Items from a dataset:
Content starts
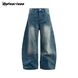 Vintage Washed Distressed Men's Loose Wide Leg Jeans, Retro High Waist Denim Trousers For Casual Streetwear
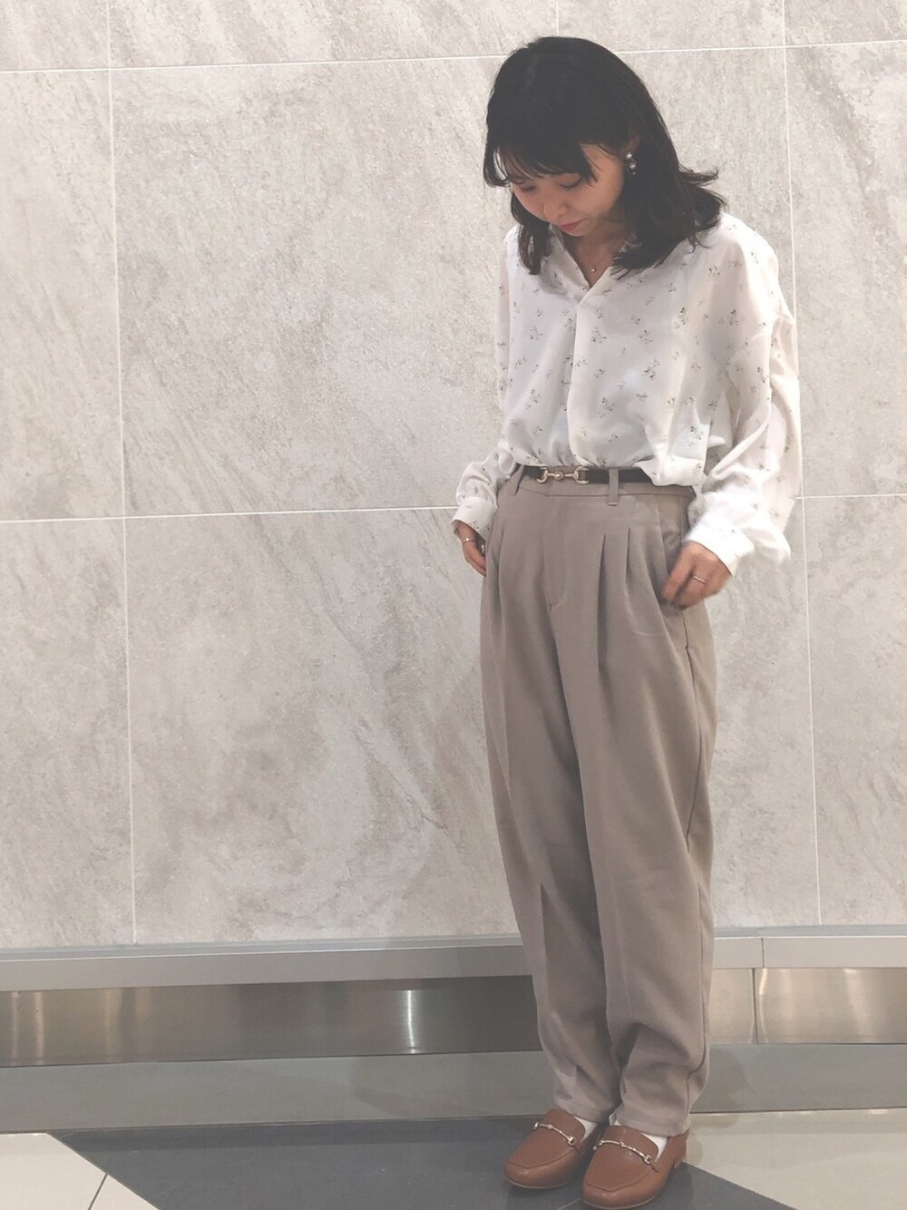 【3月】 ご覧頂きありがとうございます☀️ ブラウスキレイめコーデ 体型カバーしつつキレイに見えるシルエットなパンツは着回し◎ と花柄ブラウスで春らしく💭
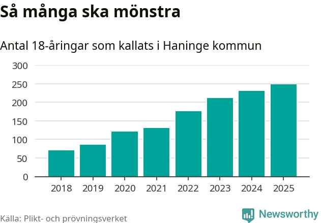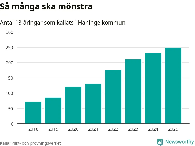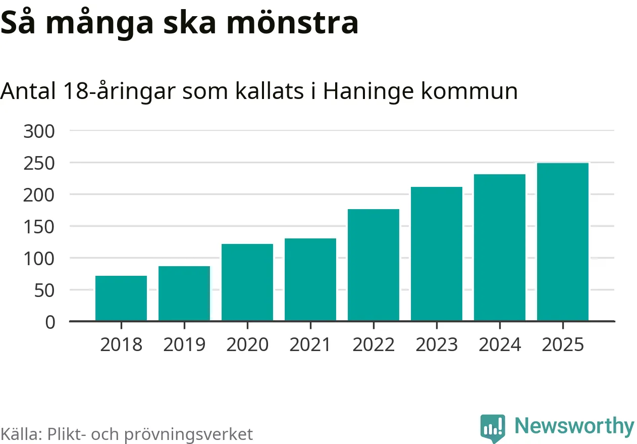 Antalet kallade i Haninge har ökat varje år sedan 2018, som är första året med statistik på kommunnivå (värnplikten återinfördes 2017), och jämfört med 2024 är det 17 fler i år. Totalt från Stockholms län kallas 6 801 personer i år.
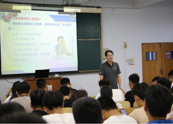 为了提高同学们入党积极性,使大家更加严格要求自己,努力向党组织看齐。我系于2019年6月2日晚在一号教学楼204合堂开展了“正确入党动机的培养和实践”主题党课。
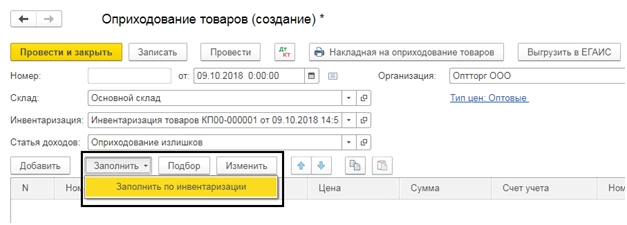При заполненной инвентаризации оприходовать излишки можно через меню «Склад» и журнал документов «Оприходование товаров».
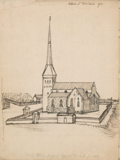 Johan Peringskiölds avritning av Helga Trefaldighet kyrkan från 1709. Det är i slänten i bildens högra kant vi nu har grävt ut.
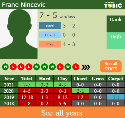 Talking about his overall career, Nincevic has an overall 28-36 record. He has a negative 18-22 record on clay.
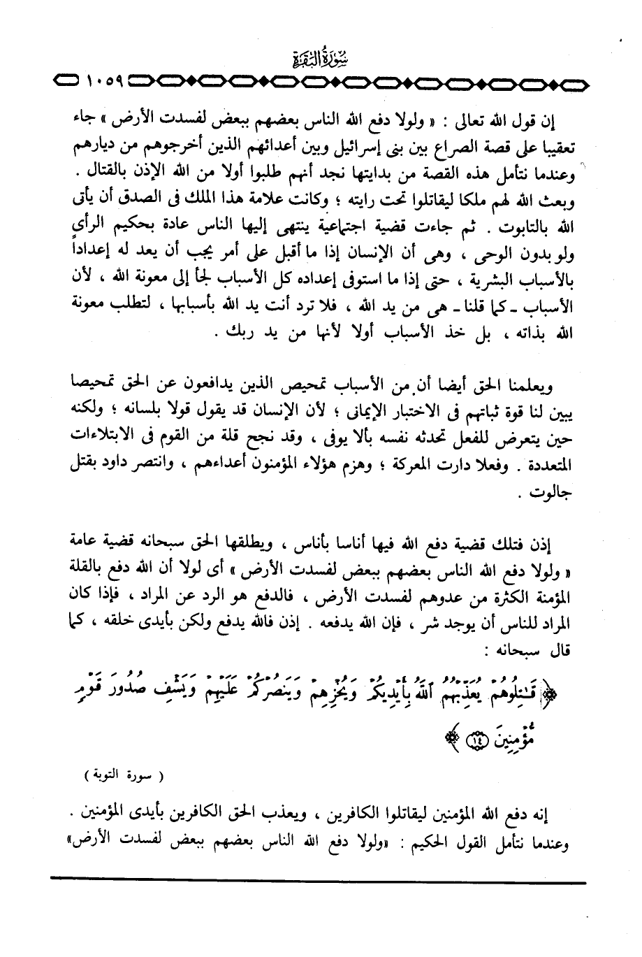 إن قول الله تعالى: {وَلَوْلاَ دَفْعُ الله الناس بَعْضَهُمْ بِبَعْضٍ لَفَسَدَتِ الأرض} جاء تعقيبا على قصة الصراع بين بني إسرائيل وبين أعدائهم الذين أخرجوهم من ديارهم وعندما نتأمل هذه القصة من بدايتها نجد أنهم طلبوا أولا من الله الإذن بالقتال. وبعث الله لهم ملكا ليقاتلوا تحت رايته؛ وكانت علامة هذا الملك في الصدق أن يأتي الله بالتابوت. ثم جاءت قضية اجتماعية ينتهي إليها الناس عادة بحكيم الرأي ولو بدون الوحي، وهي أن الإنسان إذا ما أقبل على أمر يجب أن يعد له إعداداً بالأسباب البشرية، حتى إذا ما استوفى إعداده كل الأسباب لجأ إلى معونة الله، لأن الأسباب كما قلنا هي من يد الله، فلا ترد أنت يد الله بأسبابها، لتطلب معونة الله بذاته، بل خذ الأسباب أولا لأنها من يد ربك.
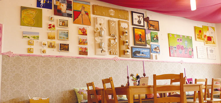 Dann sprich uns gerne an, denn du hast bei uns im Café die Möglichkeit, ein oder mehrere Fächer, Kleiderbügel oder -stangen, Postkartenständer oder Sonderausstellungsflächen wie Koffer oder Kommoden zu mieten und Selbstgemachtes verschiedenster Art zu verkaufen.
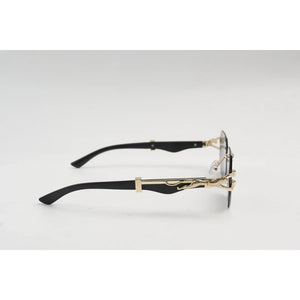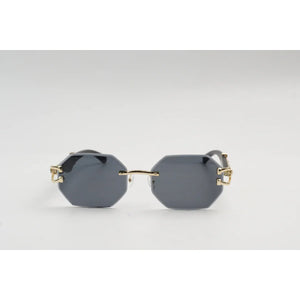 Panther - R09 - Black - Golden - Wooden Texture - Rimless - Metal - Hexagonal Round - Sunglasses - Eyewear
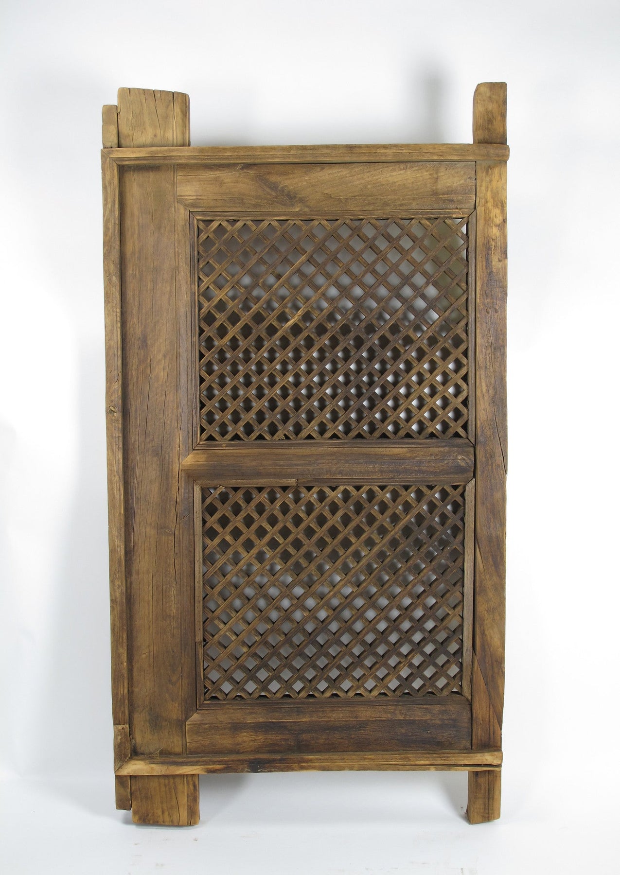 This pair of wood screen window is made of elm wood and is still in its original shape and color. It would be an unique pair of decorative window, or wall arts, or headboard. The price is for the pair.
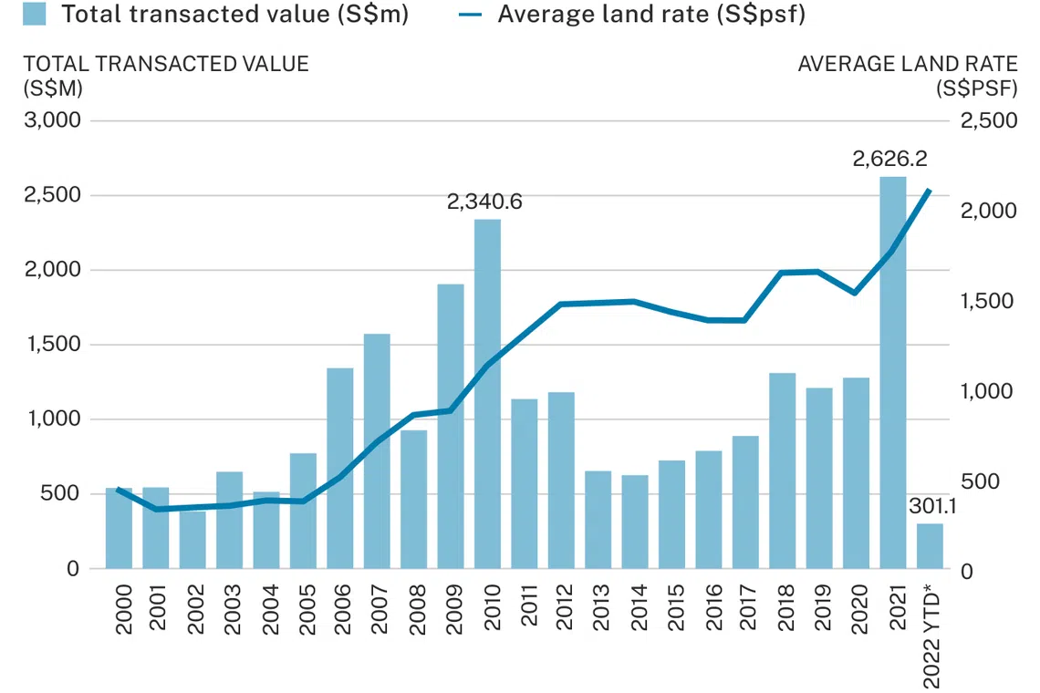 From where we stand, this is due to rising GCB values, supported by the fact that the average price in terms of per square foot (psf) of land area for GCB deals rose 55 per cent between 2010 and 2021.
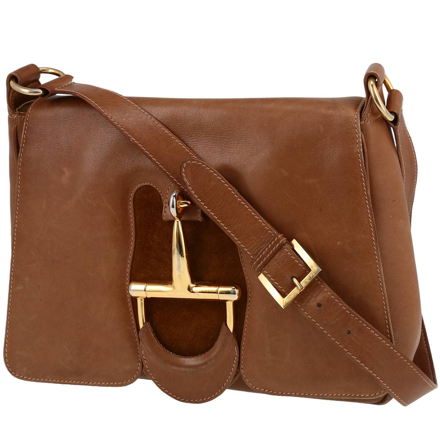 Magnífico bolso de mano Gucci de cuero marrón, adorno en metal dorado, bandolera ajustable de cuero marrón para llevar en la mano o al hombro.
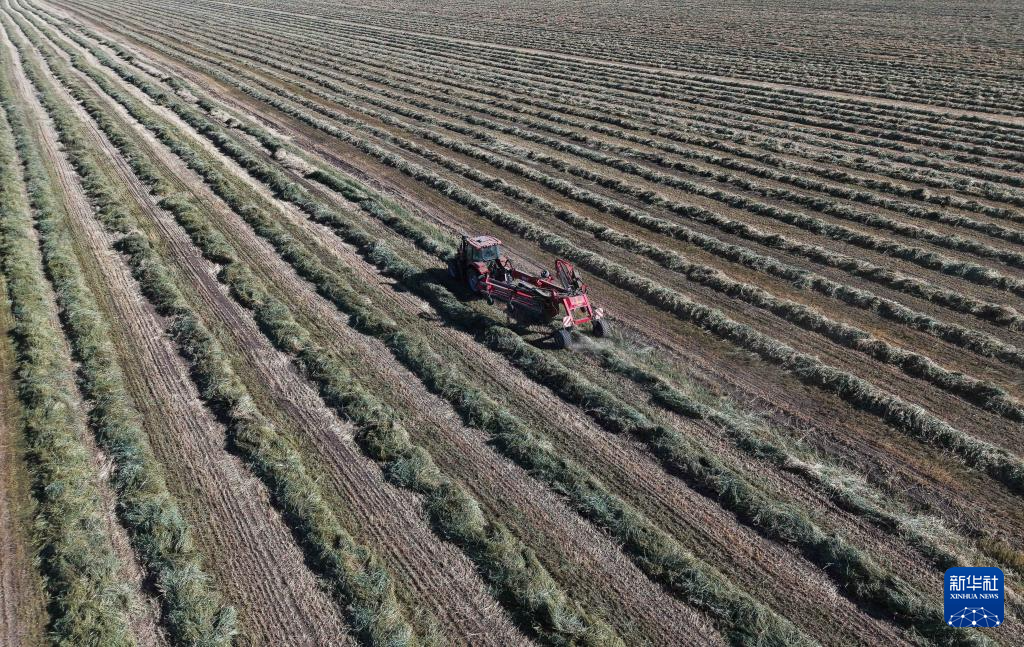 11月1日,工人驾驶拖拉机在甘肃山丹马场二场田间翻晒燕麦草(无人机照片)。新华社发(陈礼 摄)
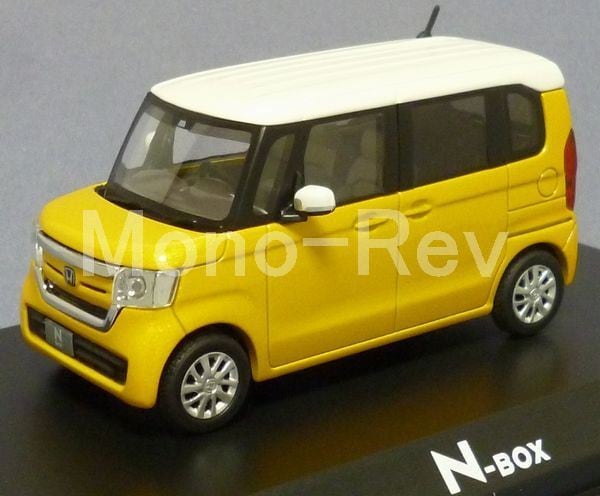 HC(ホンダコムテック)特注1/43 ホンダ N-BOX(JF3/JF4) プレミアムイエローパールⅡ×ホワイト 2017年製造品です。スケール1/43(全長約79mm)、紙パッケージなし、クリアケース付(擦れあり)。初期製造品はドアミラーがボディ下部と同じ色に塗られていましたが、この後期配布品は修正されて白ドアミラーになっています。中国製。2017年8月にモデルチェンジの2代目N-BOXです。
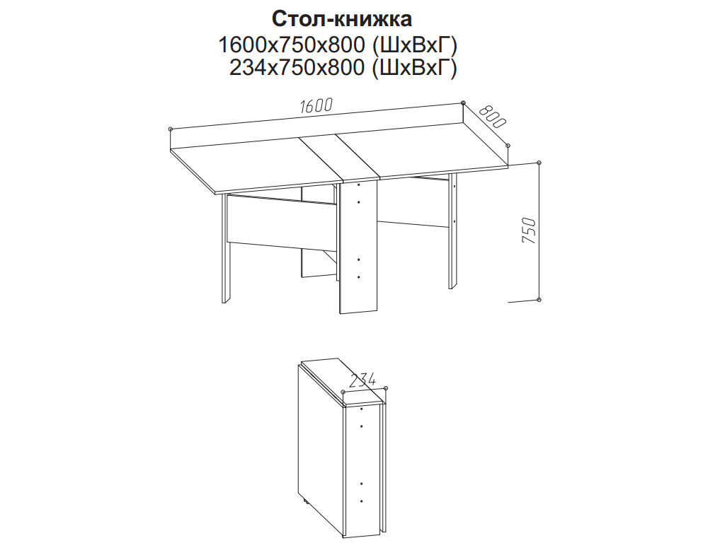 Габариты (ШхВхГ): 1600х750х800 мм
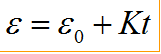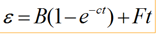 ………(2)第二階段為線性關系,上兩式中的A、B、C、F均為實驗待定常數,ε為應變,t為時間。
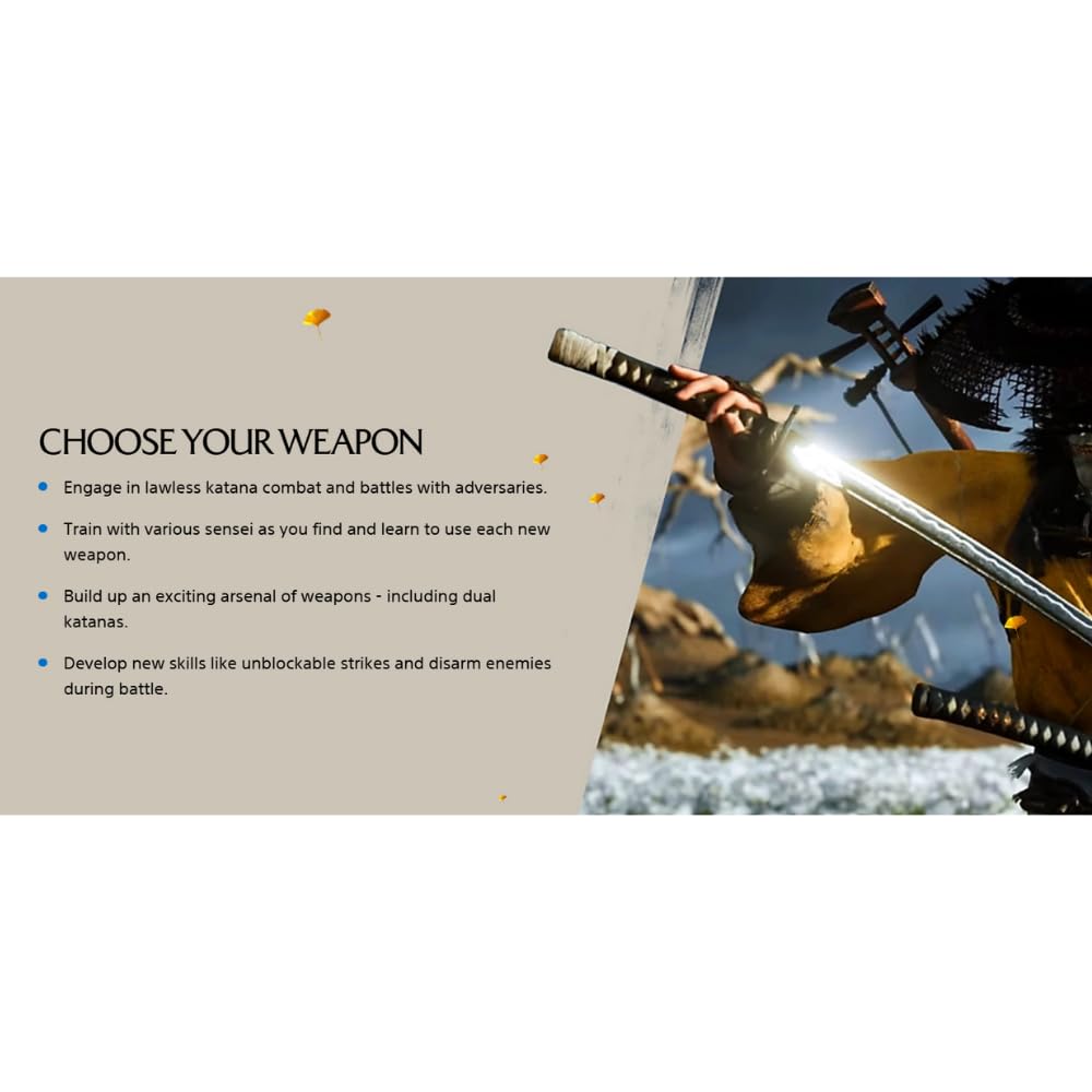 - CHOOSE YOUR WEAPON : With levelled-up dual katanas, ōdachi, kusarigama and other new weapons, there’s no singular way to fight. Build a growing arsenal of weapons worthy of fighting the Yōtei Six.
Content ends
THE TASK —
Each record above is to be copied exactly. Drop the pictures.

OUTPUT FOR THIS TASK —
 Vintage Washed Distressed Men's Loose Wide Leg Jeans, Retro High Waist Denim Trousers For Casual Streetwear
 【3月】 ご覧頂きありがとうございます☀️ ブラウスキレイめコーデ 体型カバーしつつキレイに見えるシルエットなパンツは着回し◎ と花柄ブラウスで春らしく💭
 Antalet kallade i Haninge har ökat varje år sedan 2018, som är första året med statistik på kommunnivå (värnplikten återinfördes 2017), och jämfört med 2024 är det 17 fler i år. Totalt från Stockholms län kallas 6 801 personer i år.
 为了提高同学们入党积极性,使大家更加严格要求自己,努力向党组织看齐。我系于2019年6月2日晚在一号教学楼204合堂开展了“正确入党动机的培养和实践”主题党课。
При заполненной инвентаризации оприходовать излишки можно через меню «Склад» и журнал документов «Оприходование товаров».
 Johan Peringskiölds avritning av Helga Trefaldighet kyrkan från 1709. Det är i slänten i bildens högra kant vi nu har grävt ut.
 Talking about his overall career, Nincevic has an overall 28-36 record. He has a negative 18-22 record on clay.
 إن قول الله تعالى: {وَلَوْلاَ دَفْعُ الله الناس بَعْضَهُمْ بِبَعْضٍ لَفَسَدَتِ الأرض} جاء تعقيبا على قصة الصراع بين بني إسرائيل وبين أعدائهم الذين أخرجوهم من ديارهم وعندما نتأمل هذه القصة من بدايتها نجد أنهم طلبوا أولا من الله الإذن بالقتال. وبعث الله لهم ملكا ليقاتلوا تحت رايته؛ وكانت علامة هذا الملك في الصدق أن يأتي الله بالتابوت. ثم جاءت قضية اجتماعية ينتهي إليها الناس عادة بحكيم الرأي ولو بدون الوحي، وهي أن الإنسان إذا ما أقبل على أمر يجب أن يعد له إعداداً بالأسباب البشرية، حتى إذا ما استوفى إعداده كل الأسباب لجأ إلى معونة الله، لأن الأسباب كما قلنا هي من يد الله، فلا ترد أنت يد الله بأسبابها، لتطلب معونة الله بذاته، بل خذ الأسباب أولا لأنها من يد ربك.
 Dann sprich uns gerne an, denn du hast bei uns im Café die Möglichkeit, ein oder mehrere Fächer, Kleiderbügel oder -stangen, Postkartenständer oder Sonderausstellungsflächen wie Koffer oder Kommoden zu mieten und Selbstgemachtes verschiedenster Art zu verkaufen.
 Panther - R09 - Black - Golden - Wooden Texture - Rimless - Metal - Hexagonal Round - Sunglasses - Eyewear
 This pair of wood screen window is made of elm wood and is still in its original shape and color. It would be an unique pair of decorative window, or wall arts, or headboard. The price is for the pair.
 From where we stand, this is due to rising GCB values, supported by the fact that the average price in terms of per square foot (psf) of land area for GCB deals rose 55 per cent between 2010 and 2021.
 Magnífico bolso de mano Gucci de cuero marrón, adorno en metal dorado, bandolera ajustable de cuero marrón para llevar en la mano o al hombro.
 11月1日,工人驾驶拖拉机在甘肃山丹马场二场田间翻晒燕麦草(无人机照片)。新华社发(陈礼 摄)
 HC(ホンダコムテック)特注1/43 ホンダ N-BOX(JF3/JF4) プレミアムイエローパールⅡ×ホワイト 2017年製造品です。スケール1/43(全長約79mm)、紙パッケージなし、クリアケース付(擦れあり)。初期製造品はドアミラーがボディ下部と同じ色に塗られていましたが、この後期配布品は修正されて白ドアミラーになっています。中国製。2017年8月にモデルチェンジの2代目N-BOXです。
 Габариты (ШхВхГ): 1600х750х800 мм
 ………(2)第二階段為線性關系,上兩式中的A、B、C、F均為實驗待定常數,ε為應變,t為時間。
 - CHOOSE YOUR WEAPON : With levelled-up dual katanas, ōdachi, kusarigama and other new weapons, there’s no singular way to fight. Build a growing arsenal of weapons worthy of fighting the Yōtei Six.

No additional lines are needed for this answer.